Goethe Films Series – Ulrike Ottinger in Asia at Tiff Bell Lightbox
|February 23, 2018||Filled under Events||
Where: Tiff Bell Lightbox, 350 King St West
When: March 1, March 6, and March 8, 2018
Cost: Tickets for Ulrike Ottinger in Asia are $10. To purchase visit www.goethe.de/ins/ca/en
Details: Ulrike Ottinger in Asia is a series of prominent films of Asian influence by a leader in German avant-garde film, Ulrike Ottinger. Co-presented by Inside Out, MUFF Society & Reel Asian Film Festival, these outstanding and thought-provoking films, Joanna D’arc of Mongolia (1989), Exile Shanghai (1997) and Under Snow (2011), follow women in Mongolia, exiles in Shanghai, and Kabuki artists in Japan, respectively.
This carefully curated collection of films influenced by a life-long fascination with Asia and based on a career spanning five decades, showcase Ulrike Ottinger’s adventurous curiosity and unique poetic imagery. To date, Ottinger has directed 24 films, including feature-length fictions and experimental documentaries. Her films are held up for their radicalism, not only in their narrative and global outlook, but also in their treatment of sexuality and gender, confirming her position as one of Germany’s seminal queer, feminist filmmakers. Here’s the lineup:
-Under Snow, directed by Ulrike Ottinger, (Germany 2011, 103 min)
March 1, 6:30pm – In Echigo, Japan, snow piles up meters-high and blankets the countryside and villages well into the month of May. The people have developed customs for their unusual daily life. Time follows a different rhythm: children build fanciful snow castles in which they cook and sing, the women weave crepe in colourful patterns. In order to record their very distinctive forms of everyday life, their festivals and religious rituals, Ulrike Ottinger journeyed to the mythical snow country – accompanied by two Kabuki performers.
-Exile Shanghai, directed/written by Ulrike Ottinger (Germany/Israel 1997, 275 min)
March 6, 6:30pm – Six life stories of German, Austrian and Russian Jews intersect in exile in Shanghai. This powerful documentary traces their lives through narratives, photographs, documents and new images of one of Asia’s biggest metropolises. With their numerous contradictory conflicting histories and populations, this film depicts a startling new account of a historic exile.
-Johanna D’arc of Mongolia, directed by Ulrike Ottinger (Germany 1989, 165 min)

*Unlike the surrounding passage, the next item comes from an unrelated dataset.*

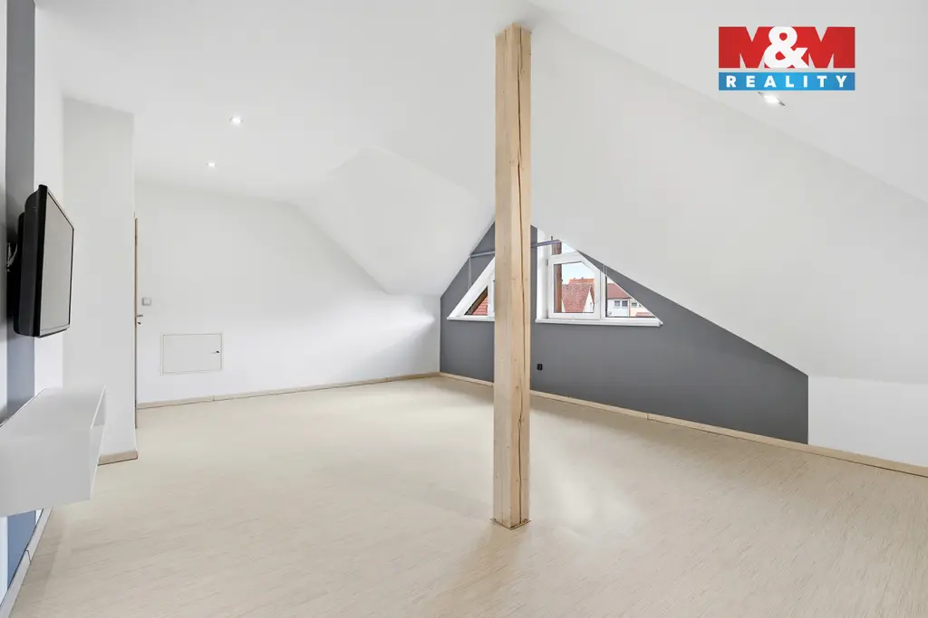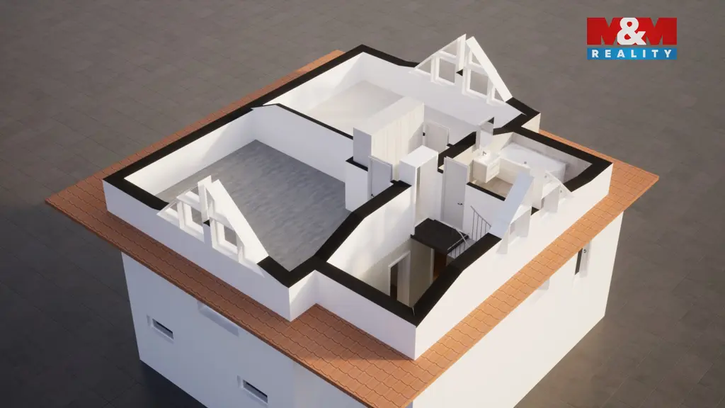 Hlavní obytný prostor je propojený s kuchyní a terasou, takže většina dne se přirozeně odehrává právě tady. Horní podlaží nabízí otevřený prostor s atypickými výhledy, ideální jako klidová zóna, pracovna nebo ateliér. Suterén rozšiřuje možnosti využití – fitness, zázemí pro podnikání nebo samostatnou pracovnu.

March 8, 6:30pm – Winner of multiple awards, and a recent special screening at the MoMA, this strikingly original film follows a group of Western women who are taken hostage by the exotic, fierce Mongolian princess Ulan Iga. While the harshness of the Mongolian high desert is initially a trial for the pampered women, they ultimately adapt to these unfamiliar yet exhilarating experiences.
-Ulrike Ottinger: Nomad from the Lake, directed by Brigitte Kramer (Germany 2012, 86 min)
March 1, 9pm – Ulrike Ottinger’s career begins with her creative roots in her home town on Lake Constance at the German-Swiss-Austrian border. Describing key moments in her life, including the impact of student protests in Paris and her move from painting to filmmaking, Brigitte Kramer traces Ottinger’s artistic development. Through interviews and film excerpts, this intimate personal close-up portrays one of the most important voices in German film.